• **What you will do**:
The required output is the stretch from the line containing "Замечательная, крупная хоста, которая" through the line containing "Reações de torcedores" in the records below, unaltered and with no pictures.

Records for the exercise below:

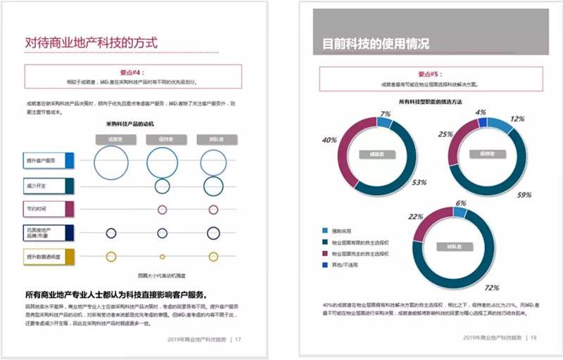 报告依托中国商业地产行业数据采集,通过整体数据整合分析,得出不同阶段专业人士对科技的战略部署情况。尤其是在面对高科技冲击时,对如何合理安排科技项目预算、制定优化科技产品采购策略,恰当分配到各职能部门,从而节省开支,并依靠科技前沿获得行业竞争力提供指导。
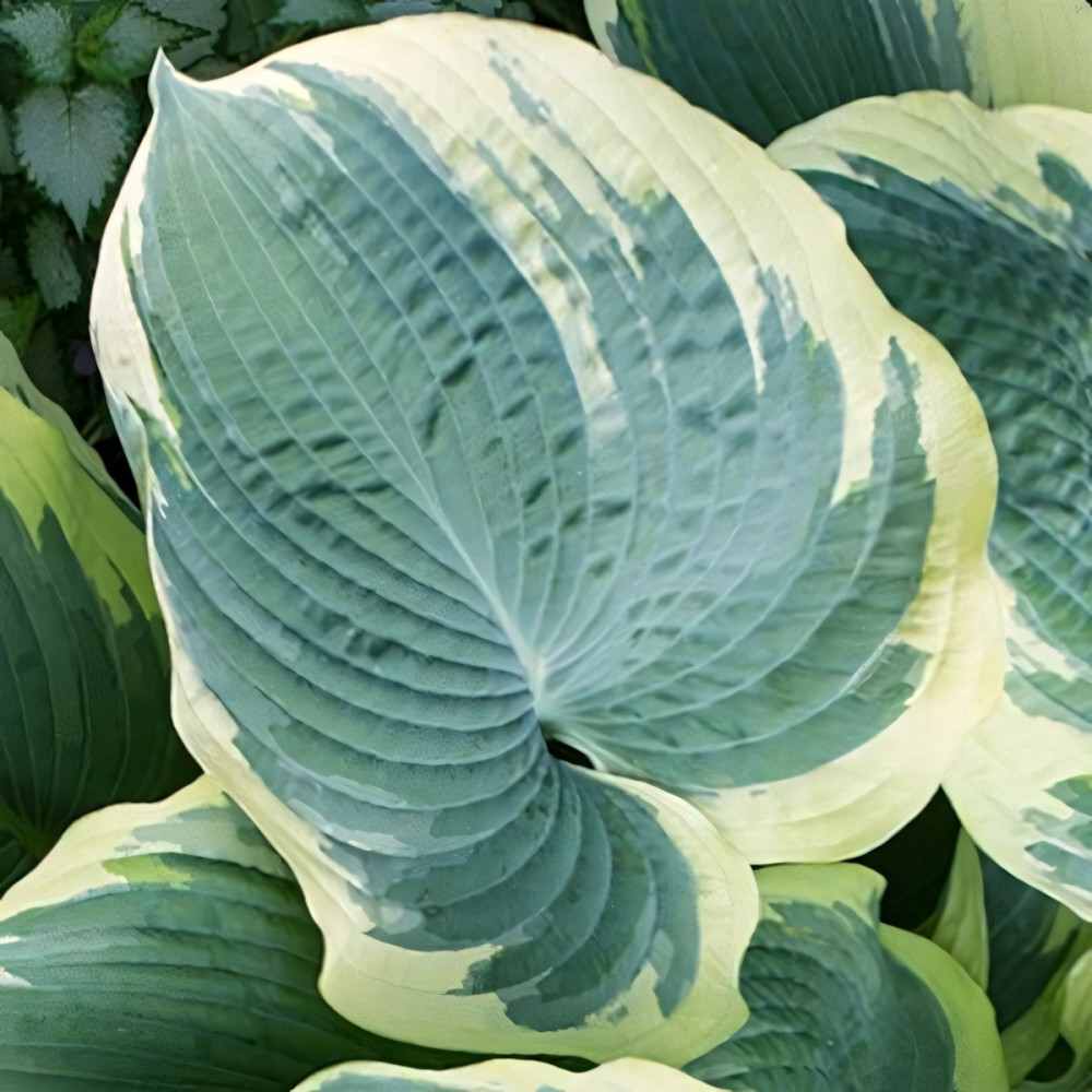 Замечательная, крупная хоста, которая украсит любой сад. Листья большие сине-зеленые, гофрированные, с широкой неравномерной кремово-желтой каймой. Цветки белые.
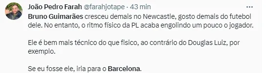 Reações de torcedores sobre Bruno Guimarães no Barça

End of Records for the exercise.
Records for the exercise below:

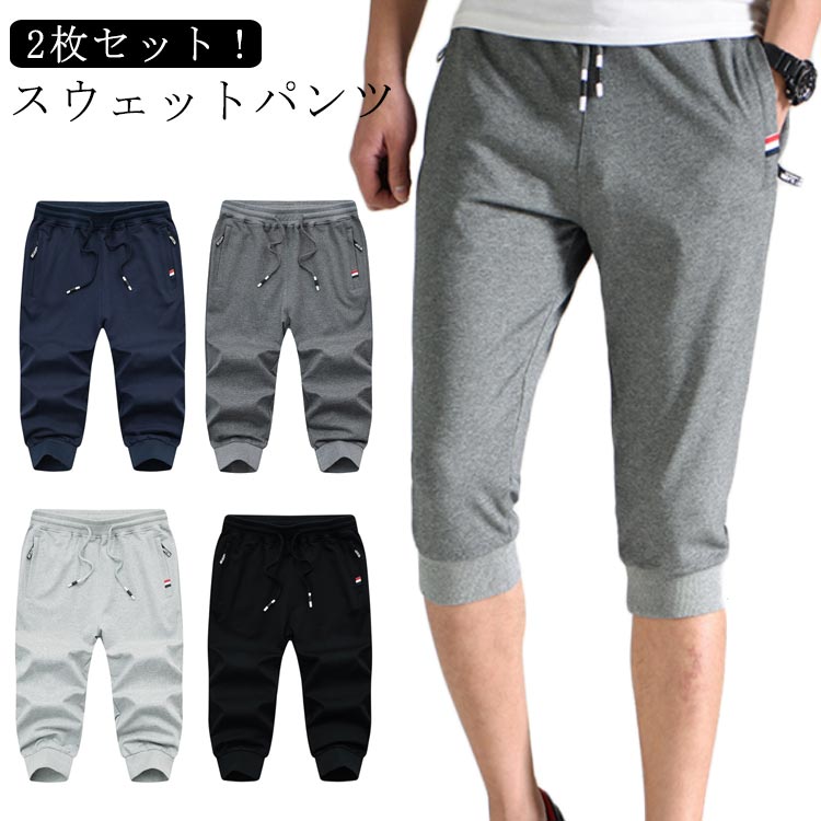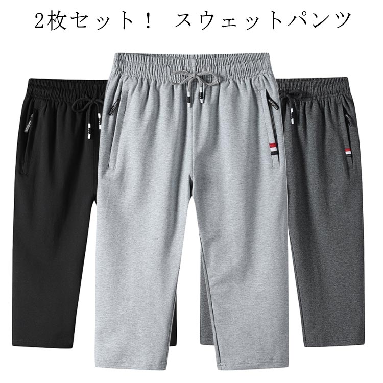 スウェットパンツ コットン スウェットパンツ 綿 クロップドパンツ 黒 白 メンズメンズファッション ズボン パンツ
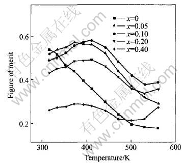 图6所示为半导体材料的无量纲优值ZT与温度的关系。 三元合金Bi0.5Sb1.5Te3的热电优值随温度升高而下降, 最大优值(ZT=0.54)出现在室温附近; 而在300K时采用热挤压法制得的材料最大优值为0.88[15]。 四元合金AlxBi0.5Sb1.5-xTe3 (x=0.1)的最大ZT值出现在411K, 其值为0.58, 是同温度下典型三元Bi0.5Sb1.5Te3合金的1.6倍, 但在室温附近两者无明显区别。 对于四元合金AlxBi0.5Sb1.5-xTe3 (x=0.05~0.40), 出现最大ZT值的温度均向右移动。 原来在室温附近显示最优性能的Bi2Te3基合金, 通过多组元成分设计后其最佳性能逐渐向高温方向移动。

End of Records for the exercise.

• **Result of this task**:
 Замечательная, крупная хоста, которая украсит любой сад. Листья большие сине-зеленые, гофрированные, с широкой неравномерной кремово-желтой каймой. Цветки белые.
 Reações de torcedores sobre Bruno Guimarães no Barça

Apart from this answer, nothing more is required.